Assessment of the Reliability of Lexical Lists for Automated Evaluation of Proficiency in Russian as a Foreign Language
https://doi.org/10.25205/1818-7935-2024-22-3-84-97
Abstract
The assessment of language proficiency plays a crucial role in education, but it often relies on subjective evaluation methods, which can result in bias and inconsistencies in the results. To address this challenge, many researchers advocate for the use of automated and semi-automated assessment methods based on linguistic characteristics of texts. In this study, we explore the applicability of available vocabulary lists as tools for automatically evaluating the proficiency levels of students learning Russian.
There exist several types of lexical lists, including frequency-based word lists and minimum vocabulary lists. In this research, we analyze four popular Russian-language lexical lists commonly employed in education and lexical knowledge analysis. We hypothesize that texts produced by students assessed at lower language proficiency level will predominantly contain frequently used words and low-level vocabulary items corresponding to the distribution of lexical elements by frequency or language proficiency level represented in these lists. Conversely, students assessed at a higher proficiency level are expected to employ less commonly used and more complex lexical units. By examining the correlation between these resources and student-generated texts, we aim to gain insight into the suitability of using lexical lists for evaluating proficiency in Russian.

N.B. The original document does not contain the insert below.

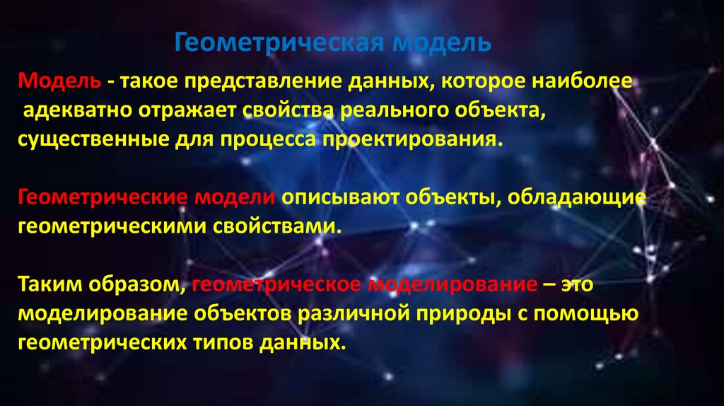 Геометрическая модельМодель - такое представление данных, которое наиболее

For the analysis of correlations between the selected lexical lists and student texts, we employ custom Python scripts. Additionally, we utilize a cluster analysis method known as Principal Component Analysis (PCA) to test the hypothesis that students at the same proficiency level tend to use a similar basic vocabulary with some degree of variation.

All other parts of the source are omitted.